━━━━━ Supplied material

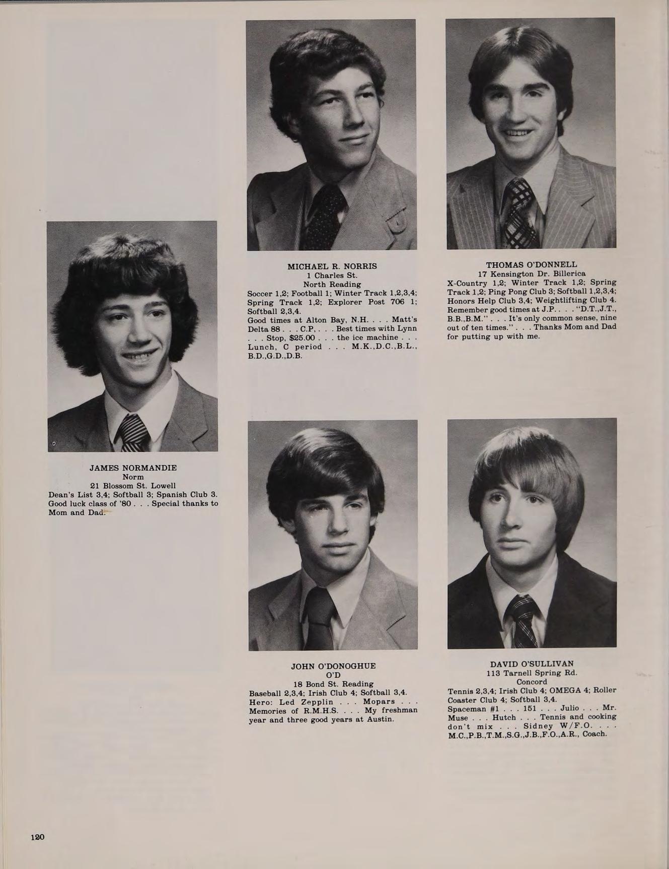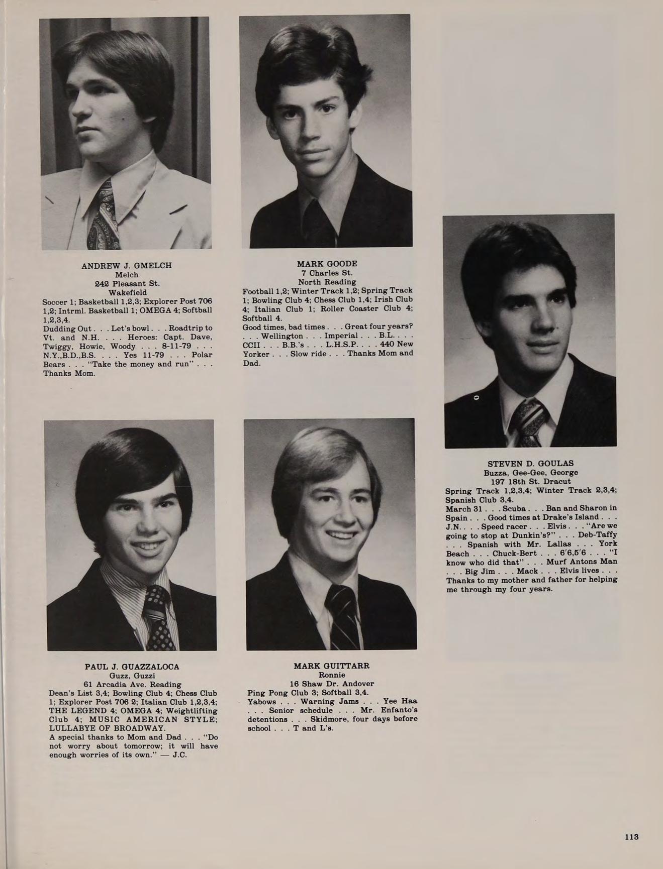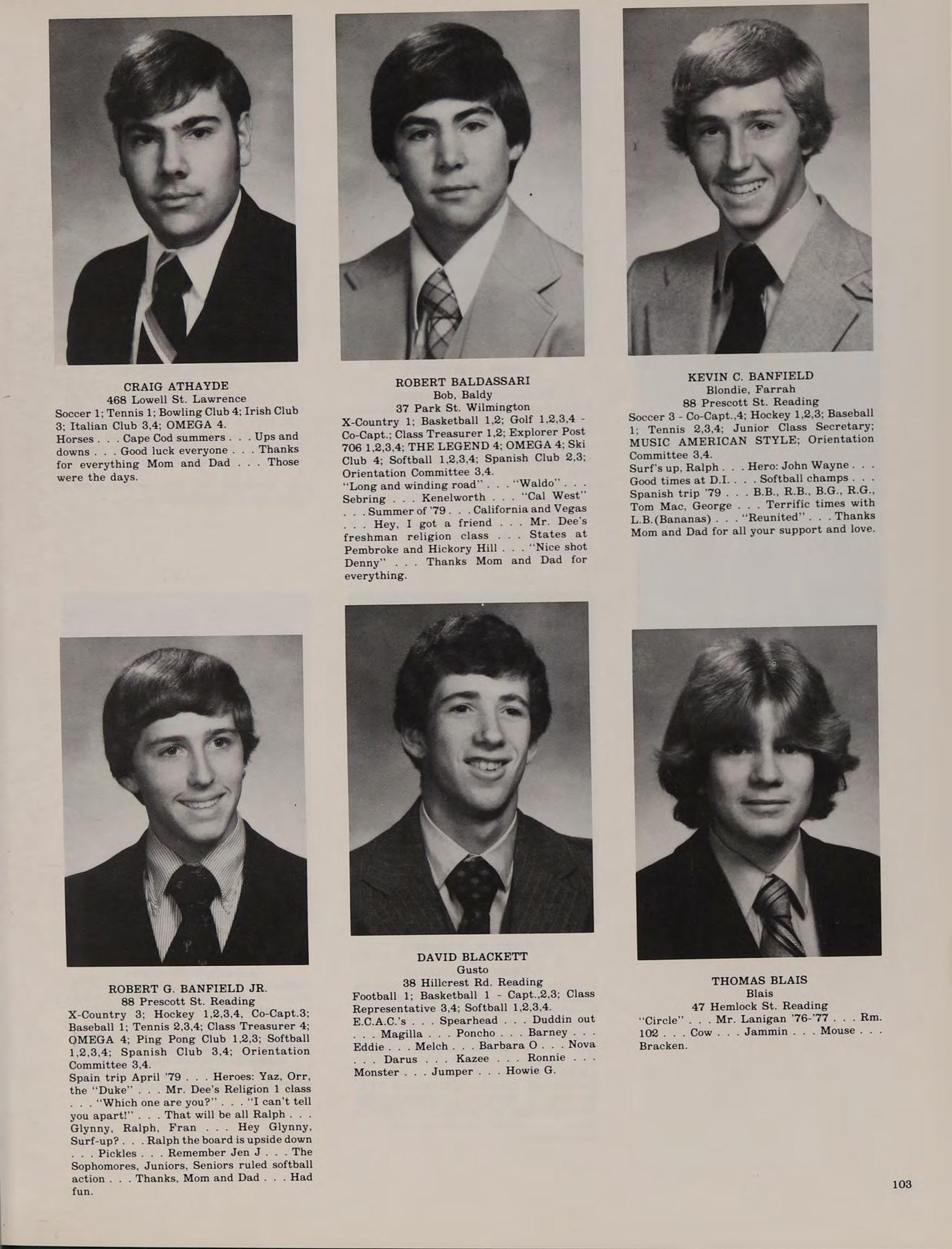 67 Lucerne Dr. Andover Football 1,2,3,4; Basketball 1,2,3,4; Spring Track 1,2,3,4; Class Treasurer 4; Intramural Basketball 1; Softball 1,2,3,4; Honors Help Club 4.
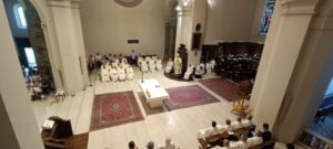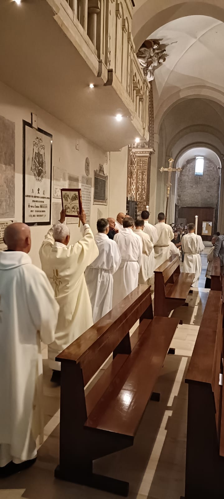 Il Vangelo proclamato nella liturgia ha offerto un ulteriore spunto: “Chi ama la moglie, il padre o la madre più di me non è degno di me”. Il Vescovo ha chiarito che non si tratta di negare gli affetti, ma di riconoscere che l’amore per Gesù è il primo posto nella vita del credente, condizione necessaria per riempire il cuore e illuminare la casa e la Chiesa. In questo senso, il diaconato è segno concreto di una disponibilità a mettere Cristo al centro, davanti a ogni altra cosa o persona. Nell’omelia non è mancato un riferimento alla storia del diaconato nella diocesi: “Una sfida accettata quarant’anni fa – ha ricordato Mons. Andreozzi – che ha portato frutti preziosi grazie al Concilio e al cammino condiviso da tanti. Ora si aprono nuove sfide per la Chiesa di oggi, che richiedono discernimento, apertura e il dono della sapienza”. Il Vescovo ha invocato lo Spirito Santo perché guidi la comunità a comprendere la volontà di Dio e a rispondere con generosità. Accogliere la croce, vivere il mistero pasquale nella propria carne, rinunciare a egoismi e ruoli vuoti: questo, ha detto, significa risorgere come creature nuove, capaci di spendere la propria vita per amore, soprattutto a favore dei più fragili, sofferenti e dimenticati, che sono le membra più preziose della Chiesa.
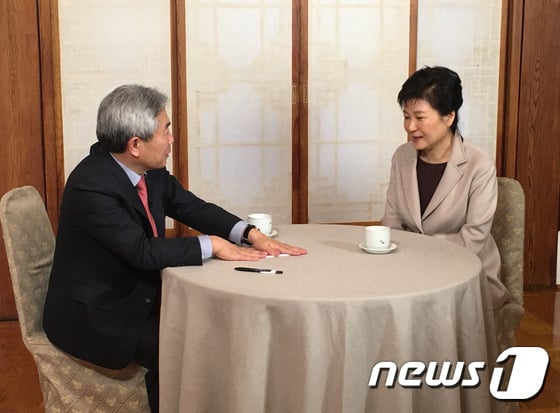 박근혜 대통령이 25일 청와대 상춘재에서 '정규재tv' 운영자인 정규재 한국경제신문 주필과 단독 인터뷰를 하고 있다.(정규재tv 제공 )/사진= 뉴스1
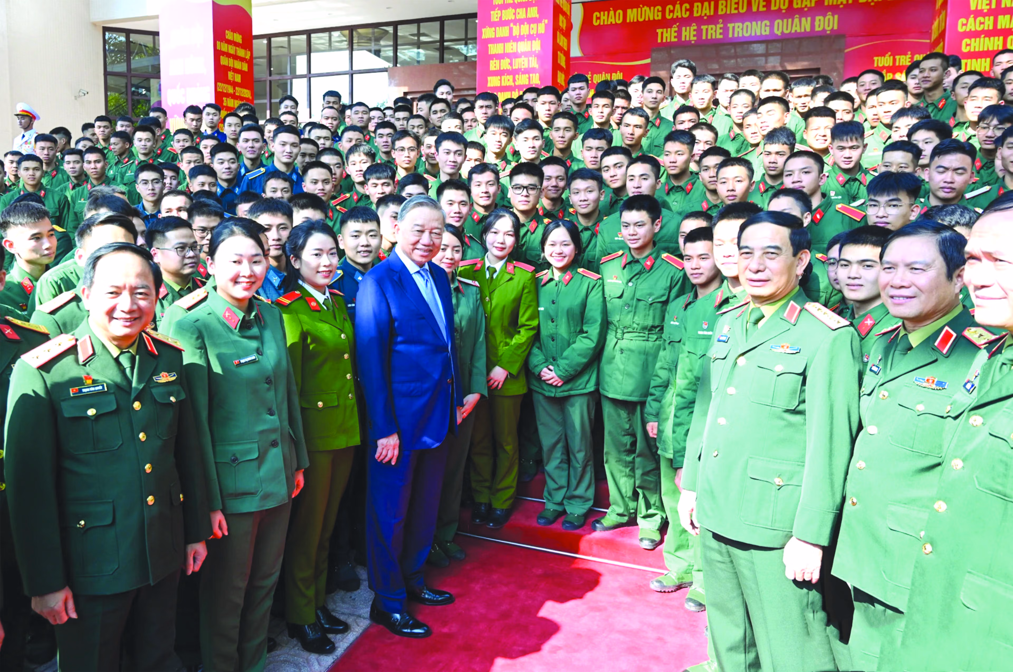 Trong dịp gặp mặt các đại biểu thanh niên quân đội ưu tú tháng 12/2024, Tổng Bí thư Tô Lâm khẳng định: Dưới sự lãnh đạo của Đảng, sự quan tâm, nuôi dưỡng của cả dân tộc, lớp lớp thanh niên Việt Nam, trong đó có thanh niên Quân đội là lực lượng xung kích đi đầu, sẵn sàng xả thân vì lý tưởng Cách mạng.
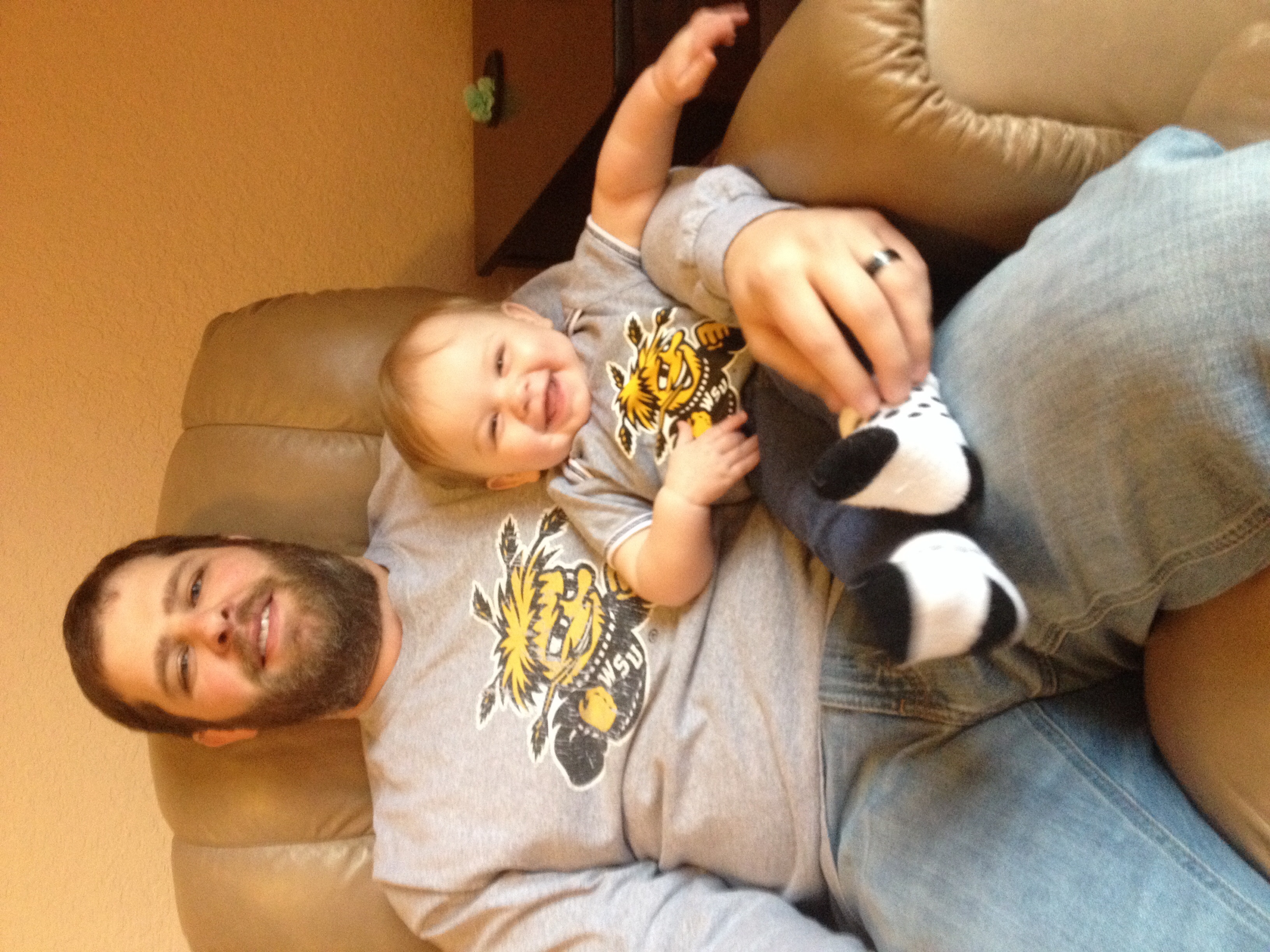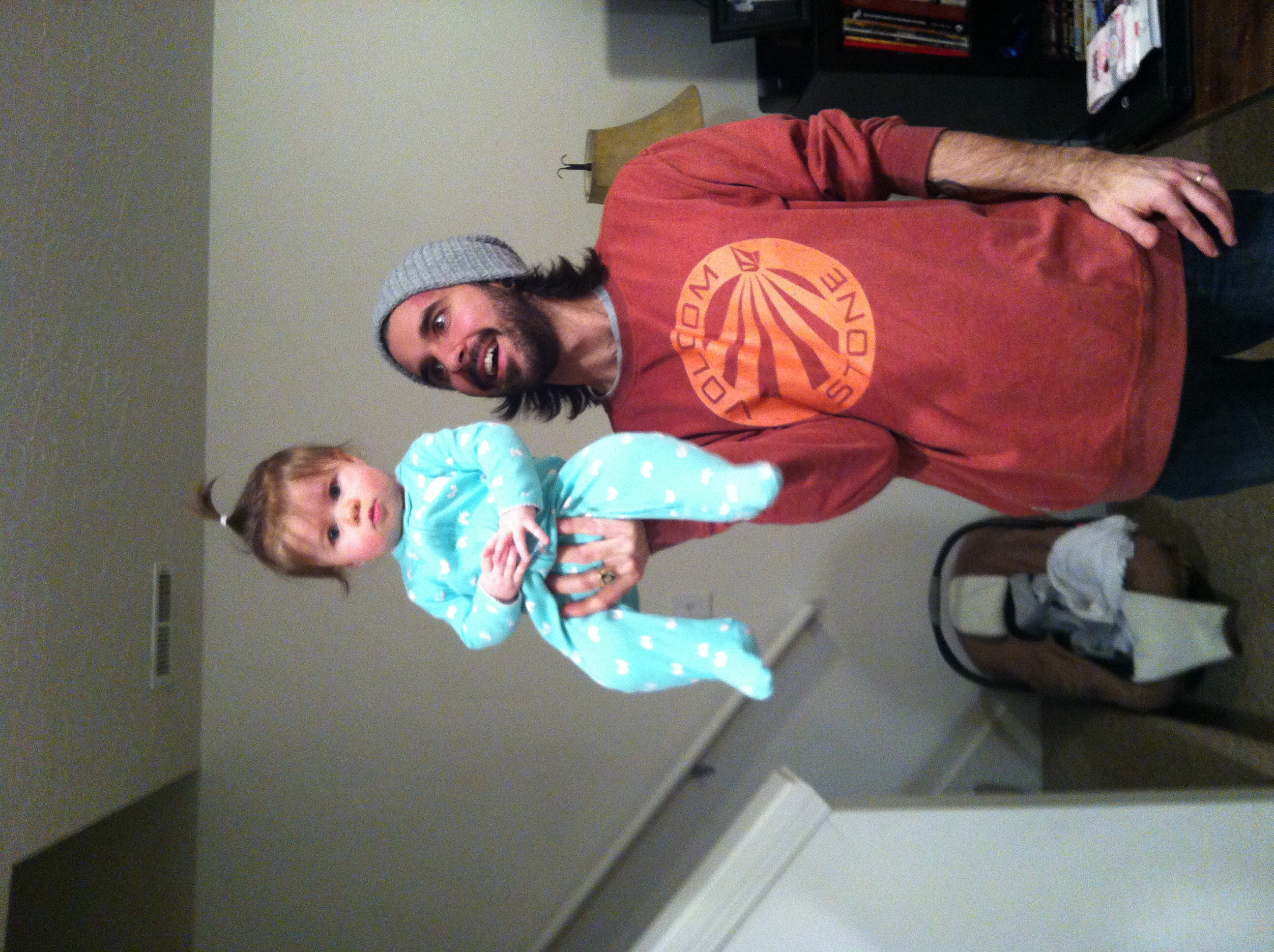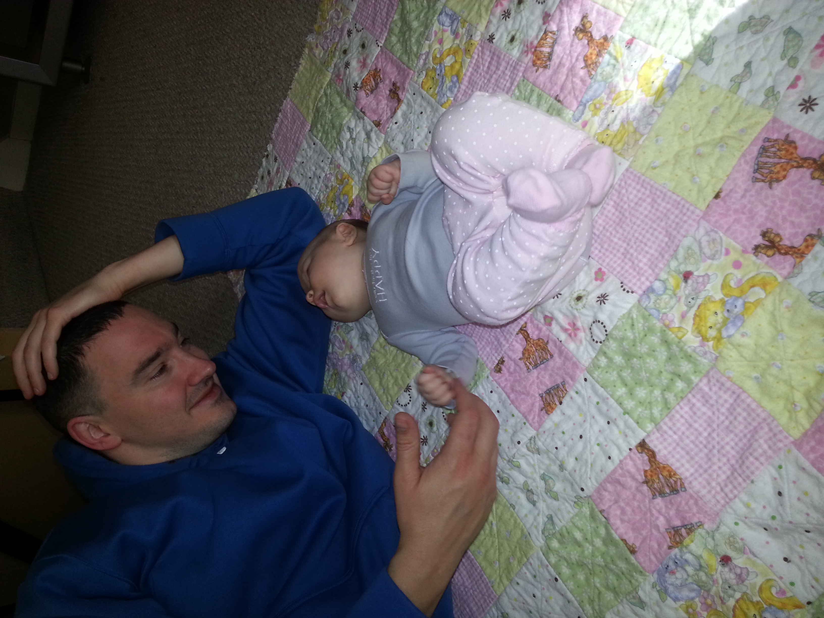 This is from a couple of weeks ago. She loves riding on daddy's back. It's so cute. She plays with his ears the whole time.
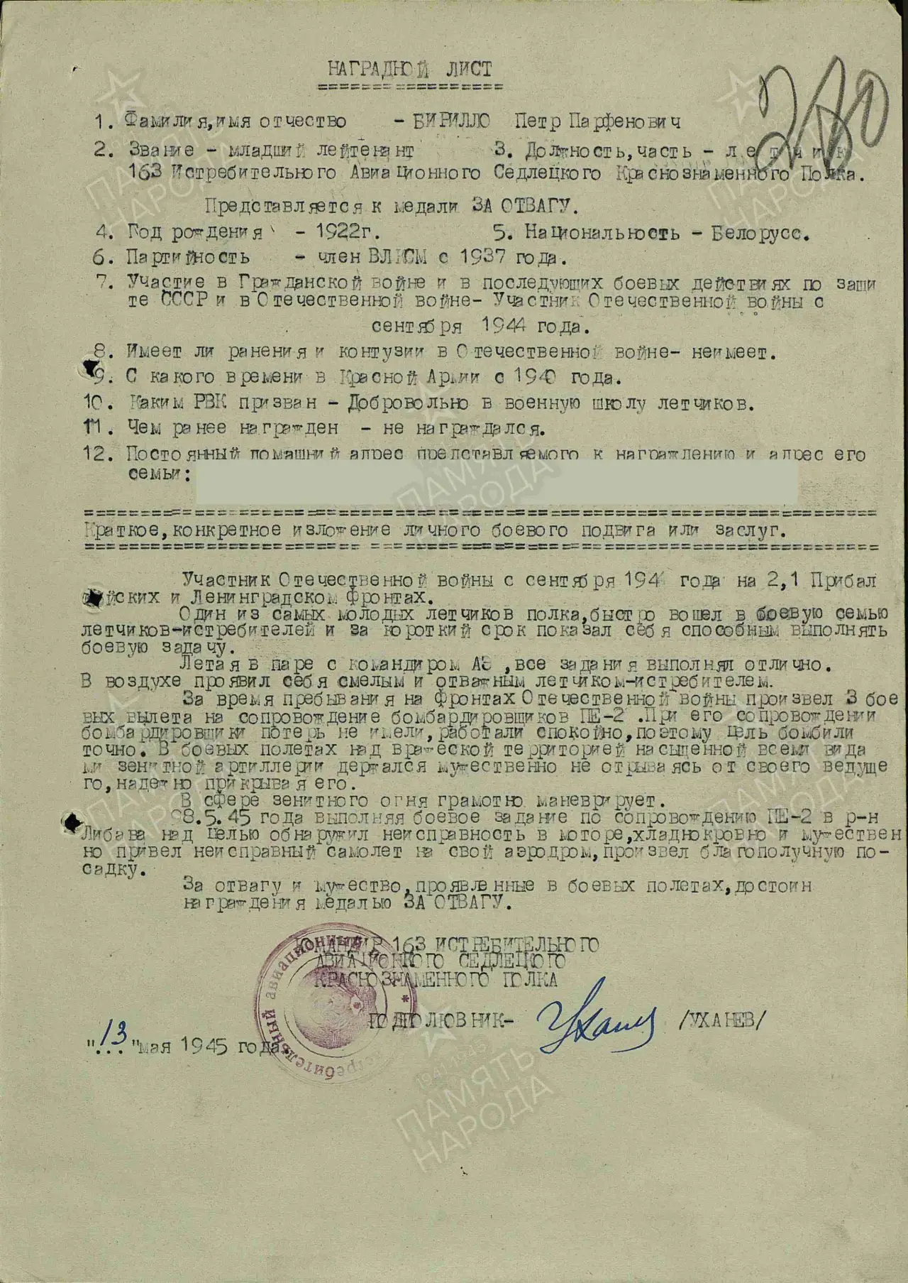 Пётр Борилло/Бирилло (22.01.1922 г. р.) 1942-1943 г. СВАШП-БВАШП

━━━━━━━━━━

» Task details:
Every line from the one containing "Trong dịp gặp" through the end of the entries above, both included, should be extracted exactly, with pictures left out.

» Response area:
 Trong dịp gặp mặt các đại biểu thanh niên quân đội ưu tú tháng 12/2024, Tổng Bí thư Tô Lâm khẳng định: Dưới sự lãnh đạo của Đảng, sự quan tâm, nuôi dưỡng của cả dân tộc, lớp lớp thanh niên Việt Nam, trong đó có thanh niên Quân đội là lực lượng xung kích đi đầu, sẵn sàng xả thân vì lý tưởng Cách mạng.
 This is from a couple of weeks ago. She loves riding on daddy's back. It's so cute. She plays with his ears the whole time.
 Пётр Борилло/Бирилло (22.01.1922 г. р.) 1942-1943 г. СВАШП-БВАШП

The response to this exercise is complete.